Toutefois, une trop forte participation entraînerait dans son sillage un gros problème : la submersion des systèmes. Lors d'une interview, un agent a pu dire que : « si demain, nos systèmes étaient bien connus et utilisés par ne serait-ce que les trois-quarts des commissariats, nous serions noyés. Nous ne sommes pas équipés pour ça. »25 Ainsi, les

agences françaises se retrouvent dans la situation ambivalente de devoir former le plus de policiers possible à l'usage de ces canaux, mais dans le même temps, elle ne pourrait plus travailler si cet objectif était rempli. Il est donc d'autant plus urgent de restructurer l'architecture informatique de ces agences de façon globale.
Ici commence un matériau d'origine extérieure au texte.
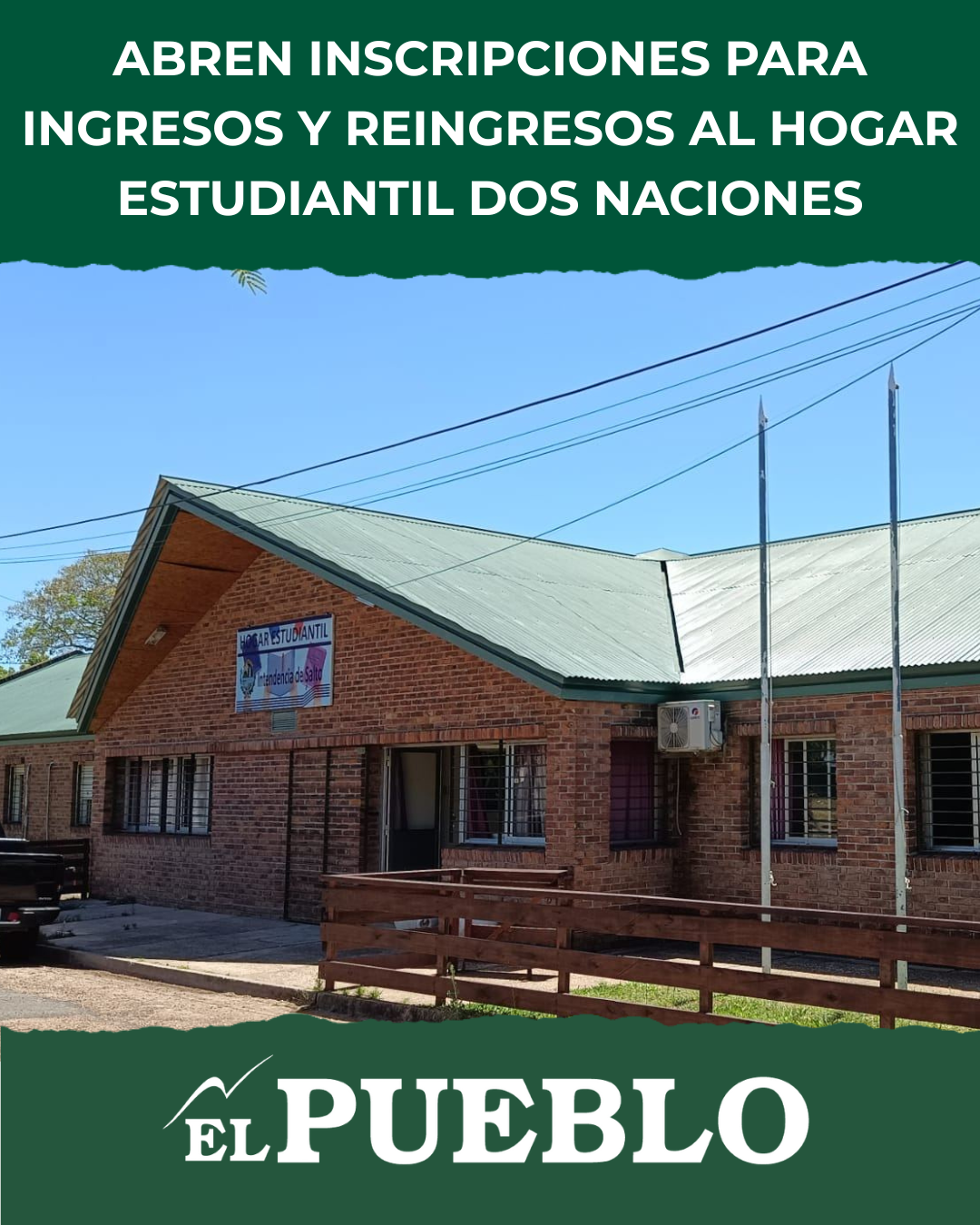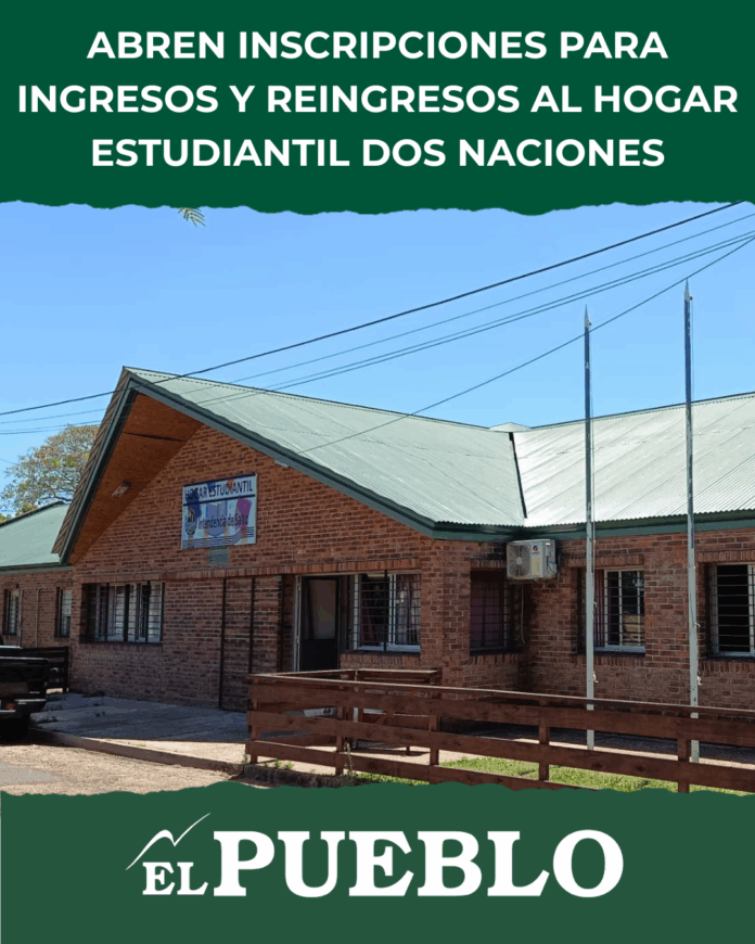 El Departamento de Desarrollo Social del Gobierno de Salto informó que ya se encuentra abierto el período de inscripción para ingresos y reingresos al Hogar Estudiantil Dos Naciones correspondiente al año 2026. Este espacio está destinado a jóvenes del interior del departamento que cursarán estudios en Liceos o UTU en la ciudad de Salto.

Mais à côté de cette réforme, le rapport présidé par le Sénateur Requier encourage « les policiers et gendarmes à se servir des outils de la coopération sans passer par les services spécifiques »26. Or il serait beaucoup trop difficile aux agents de pouvoir s'orienter facilement

dans cet univers et les offices centraux répondent déjà en partie à cet objectif. Malheureusement les moyens de communication de ces derniers ne permettent pas d'effectuer des recoupements et des analyses générales. Les offices centraux ne sont utiles aux agents que dans le cadre de coopérations ponctuelles et concentrées sur l'obtention d'informations précises.

25 Interview d'un agent, anonyme.

26 Rapport n°484, présidé par le Sénateur Jean-Claude REQUIER, 29 mars 2017, op. cit. p.192.